Even the most outspoken libertarian couldn’t possibly quibble with a law forcing businesses to keep their door closed when the heat was on, or an edict to not turn the heat above an already toasty 19C.

Sure, I have read lots of advice and tips - many in this newspaper - aimed at curbing our energy consumption and thus reducing our bills.

But I have yet to hear Environment Minister Eamon Ryan do anything concrete to reduce our output. What we tend to get from the Green Party leader are mild warnings about possible energy shortages, wrapped up in assurances that this is highly unlikely to happen.


Bear in mind that Ireland relies on the UK for much of its energy needs - and that country’s National Grid recently warned that Britain could face forced power cuts this winter amidst the crisis in energy supply and the ongoing war in Ukraine.

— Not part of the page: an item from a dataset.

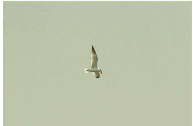
Fig. 15. — Sterne caspienne ( Hydroprogne caspia ), La Possonnière, 6 avril 2013 (Francky Recoquillon).

Sainte-Gemmes-sur-Loire : 12 septembre, 1 ind., école militaire (D. Bizien).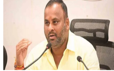
తగ్గిస్తున్నాం. రిజిస్ట్రేషన్ల సంఖ్య పెరగడం ద్వారా రాష్ట్ర ఖజానాకు ఆదాయం పెరగుతుంది. అలానే రవాణా శాఖకు వాహనాలపై మెరుగైన పర్యవేక్షణకు అవకాశం లభిస్తుంది. క్యాబినెట్ తీసుకున్న ఈ నిర్ణయం పట్ల రవాణా శాఖ మంత్రి మండిపల్లి రాంప్రసాద్ రెడ్డి హర్షం వ్యక్తం చేస్తూ.. ముఖ్యమంత్రి నారా చంద్రబాబు నాయుడుకు ప్రత్యేక కృతజ్ఞతలు తెలిపారు. రవాణా రంగ సంక్షేమానికి, ఆపరేటర్ల ప్రయోజనాలకు కూటమి ప్రభుత్వం కట్టుబడి ఉందనేందుకు ఈ నిర్ణయమే నిదర్శనమని ఆయన పేర్కొన్నారు. కేంద్రం పన్నుల తగ్గింపు మాత్రమే కాకుండా, బారిస్ట్ బస్సుల ఢిల్లీ, ఫిట్‌నెస్ పర్యవేక్షణను మరింత కఠినతరం చేస్తూ రాష్ట్ర ప్రయోజనాలను కాపాడతామని మంత్రి రాంప్రసాద్ స్పష్టం చేశారు.

అమరావతి, జూన్ 23: రాష్ట్రంలో పర్యాటక, రవాణా రంగాల అభివృద్ధికి కూటమి ప్రభుత్వం అత్యంత కీలకమైన నిర్ణయం తీసుకుంది. రాష్ట్రంలో టూలిస్ట్ బస్సుల నిర్వహణ భారాన్ని తగ్గించేలా.. పన్నుల తగ్గింపును రాష్ట్ర క్యాబినెట్ గ్రీన్ సిగ్నల్ ఇచ్చింది. రవాణా శాఖ మంత్రి మండిపల్లి రాంప్రసాద్ రెడ్డి ప్రత్యేక చొరవ, వాహన యజమానుల సుదీర్ఘ విజ్ఞప్తుల నేపథ్యంలో ప్రభుత్వం ఈ నిర్ణయాన్ని ప్రకటించింది. దీని ప్రకారం.. 'అఖిల భారత పర్యాటక పవీల్' కలిగిన బారిస్ట్ బస్సులకు ప్రతి సీటుపై విధించే ట్రిమాసిక్ పన్నును రికార్డు సామాన్ తగ్గించారు. ఇప్పటివరకు ఉన్న రూ. 4,000 పన్నును రూ. 2,500కు తగ్గిస్తూ మంత్రి మండిపల్లి ఆమోదం తెలిపింది. గతంలో భారీగా ఉన్న పన్నుల భారం కారణంగా ఏపీకి చెందిన వలువురు బస్సు ఆపరేటర్లు తమ వాహనాలను పొరుగు రాష్ట్రాల్లో రిజిస్ట్రేషన్ చేయించుకున్నారు. తాజా పన్ను తగ్గింపుతో ఆయా రాష్ట్రాలకు వెళ్లిన బస్సుల రిజిస్ట్రేషన్లు తిరిగి ఏపీకి వచ్చేందుకు మార్గం సుగమమైంది. తద్వారా రాష్ట్ర రవాణా రంగానికి కొత్త ఊపు రావడమే కాకుండా, పర్యాటక రంగానికి మరింత ప్రోత్సాహం లభించనుంది. వాహన యజమానులపై పన్ను భారం గణనీయంగా

Is there a possibility we are guilty of being complacent here? It would be a costly mistake. Because if large tracts of this country’s population do lose power for extended periods of time this winter, the resulting angry backlash could easily bring down Mr Ryan’s Government before the daffodils have made an appearance.

A Government can just about survive a housing crisis and preside over an ongoing health crisis, but woe betide one that can’t even heat and light its people’s homes in the darkest, coldest months.

The really strange thing here is that Eamon Ryan, as a card-carrying environmentalist, should have been pursuing all these energy-saving measures our continental neighbours have introduced anyway - not just to save money now, but to cut down on fossil fuel use permanently.

The Green Party leader is often criticised for some of his more outlandish ideas such as reintroducing wolves and calling for car sharing in rural villages, but many of these energy-saving laws are pure common sense - low-hanging fruit in the battle to save the planet (and money).

Why Mr Ryan has not acted to bring them in here is baffling.

Way back in the summer, Germany announced some new rules to save on energy - and few would have complained if Ireland had followed suit.

Since September, public buildings in Germany, apart from institutions like hospitals, have been heated to a maximum of 19C and the heating may be turned off completely in entrances, corridors and foyers.

Public monuments and buildings are also not being lit up for aesthetic reasons, and businesses face sanctions for keeping their shops illuminated at night.

Private swimming pools in the country are also not allowed to be heated - anyone who gripes about that surely risks being serenaded by the world’s smallest violin!

In Italy, citizens have been told to turn their central heating down by one degree, and off for an extra hour a day. Public buildings will face an extra 15 days without central heating, with a few such as nurseries and hospitals exempt.

Spain has also mandated that heating should not rise above 19C, as well as ordering that doors should be closed to curb heat waste, and that lights in shop windows be turned off by 10pm.

Thus far, Ireland’s response to the energy crisis has been purely financial and reactive.

The €600 hand-out across the winter months, which kicked in from this week, was a huge help, and of course tackling the vast expense of energy for consumers and businesses has to be a priority.

But shouldn’t the Government also be more proactive, and try to curb consumption too? Especially when some of the ways of doing so are unlikely to incur the wrath of voters.

Minister Ryan has admitted that we need to “be clever in the way we use energy, to make sure we manage demand - particularly that we reduce peak time usage, because that saves us money, and reduces the risk of not having enough power”.

But wouldn’t it be clever for him to bring in some of the curbs mentioned here?

The Minister has also pledged to “take a more international approach” to the energy crisis.

Well, he could start by copying some of our greener EU neighbours.